The UMD Libraries are a founding member of the Academic Preservation Trust (APTrust), a consortium of institutions committed to providing a preservation repository for digital content, and collaboratively develop services related to that content based at the University of Virginia.
As legacy media formats become obsolete, the Libraries strive to reformat materials in their collections to ensure their preservation and continued usability. These materials might be digitized in house (in the Hornbake Digitization Center) or through vendors, and are made available in our digital collections repositories, either to the campus community or to the general public. Digitized materials include books, newspapers, manuscripts, archival materials, and audiovisual content, among others.
The Libraries’ special collections and archives include and routinely appraise, acquire, and preserve born-digital records: material that has existed in digital form since it was created. Born-digital materials include documents, photographs, publications, audiovisual material, archived websites, and many other formats. They often arrive at the Libraries through removable media (floppy disks, CDs and DVDs, flash drives, hard drives, and more) or via networked storage. Born-digital records often arrive mixed in with paper records or with material that isn’t fully relevant to the collection scope.
Curators acquire these records according to their respective collection policies. The Electronic Records Archivist consults on acquisitions, evaluates and prepares records for preservation and access, and manages long-term storage of born-digital collections. Accessioning and processing archivists create finding aids, or guides to collections, that include born-digital contents.
Browse and search UMD Libraries’ archival collections
The Libraries save archived copies of websites under a mandate to archive records of the University, with the creators' permission, or under a claim of fair use for educational and research purposes.

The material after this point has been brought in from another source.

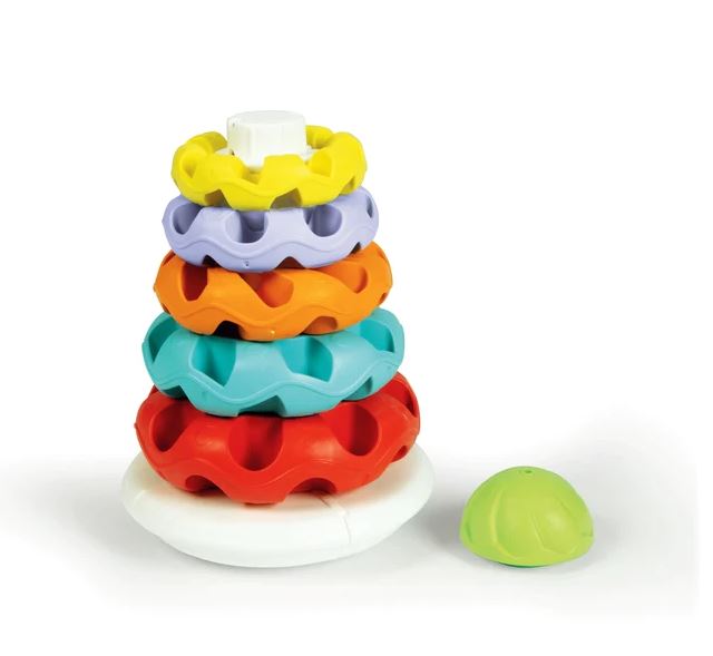 A gyűrűk különböző felülettel rendelkeznek, ezzel stimulálva a kicsik tapintását.
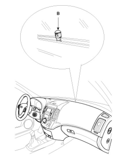 With the (-) driver, remove the photo sensor (B) from the center of defrost nozzle.

Library staff use several methods of web archiving. One method is web crawlers that start from a specific website, or “seed” URL. As they save the code for that seed, crawlers look for hyperlinks within site content and follow the trail of links, page after page. The “scope” of a crawl can be adjusted to include or exclude specific types of documents or data.
Crawler-based web archiving doesn’t always capture dynamic elements of websites, whether server-side or client-side, including sites with responsive, database-driven, or animated features. Software such as ArchiveWeb.Page can better capture sites with these features.